» PROBLEM TO SOLVE:
Only an exact repetition of the lines from the one holding "Pas toujours joint" to the end of the data is wanted, with pictures left out.

» SUPPLIED DATA:
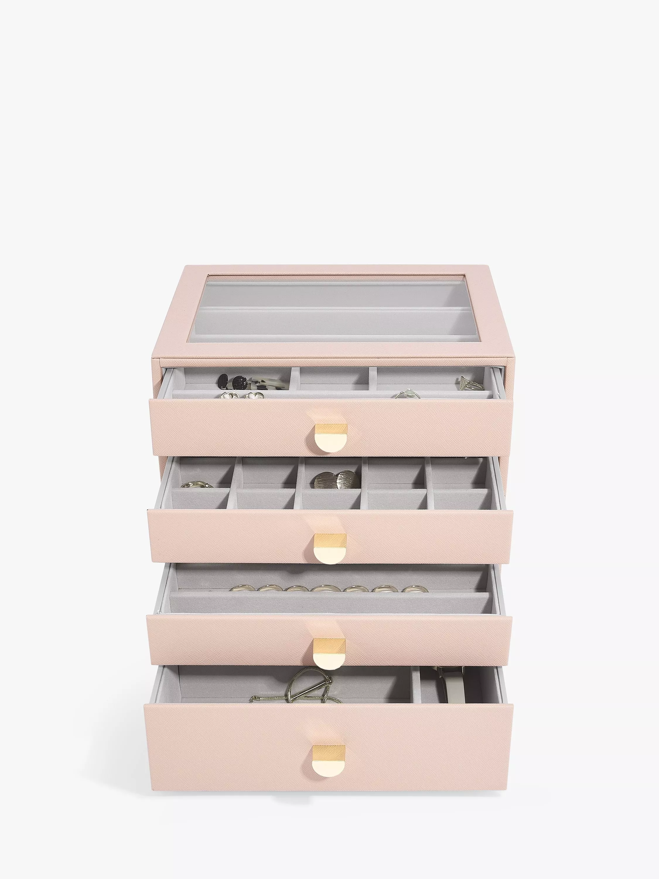 There'll be no excuse for your favourite jewellery to be anything other than tangle-free and organised! The Classic Drawer Set of 4 is ideal for almost every jewellery collection. With plenty of space to keep your necklaces, rings, earrings, watches and more, beautifully organised and safe. Whats more, you can easily add another jewellery drawer layer as your collection grows! Featuring a clear glass lid for visibility and easy access to your favourite pieces.
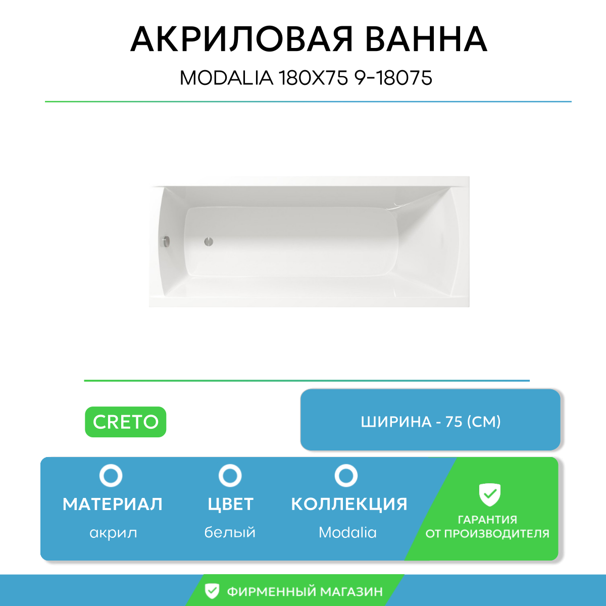 Акриловая ванна Creto Modalia 180х75 9-18075
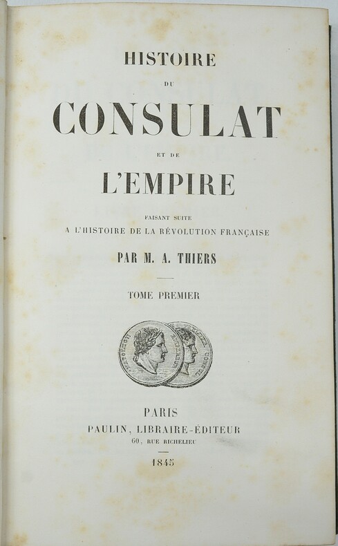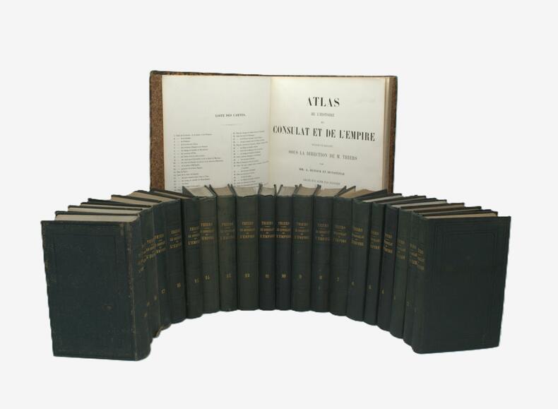 Pas toujours joint aux volumes de texte, cet atlas complète la classique Histoire du Consulat et de l'Empire, tant dans son édition originale de 1842-1865 que dans les réimpressions. Bon exemplaire. - - VENTE PAR CORRESPONDANCE UNIQUEMENT
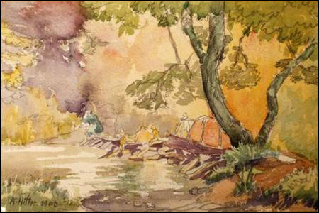 據(jù)當?shù)孛襟w報道,在這些畫作中,有一幅據(jù)信是希特勒的自畫像,畫面中的男子身著棕色服裝,凝視著葡萄酒色的河水,畫作落款時間是1910年,簽名是希特勒的名字“A.Hitler”,而在畫中人物的身上則草寫著希特勒名字的縮寫“A.H.”。這幅畫以1萬英鎊拍出,買家稱打算將這幅畫掛在家中或辦公室里。

» RESPONSE BOX:
 Pas toujours joint aux volumes de texte, cet atlas complète la classique Histoire du Consulat et de l'Empire, tant dans son édition originale de 1842-1865 que dans les réimpressions. Bon exemplaire. - - VENTE PAR CORRESPONDANCE UNIQUEMENT
 據(jù)當?shù)孛襟w報道,在這些畫作中,有一幅據(jù)信是希特勒的自畫像,畫面中的男子身著棕色服裝,凝視著葡萄酒色的河水,畫作落款時間是1910年,簽名是希特勒的名字“A.Hitler”,而在畫中人物的身上則草寫著希特勒名字的縮寫“A.H.”。這幅畫以1萬英鎊拍出,買家稱打算將這幅畫掛在家中或辦公室里。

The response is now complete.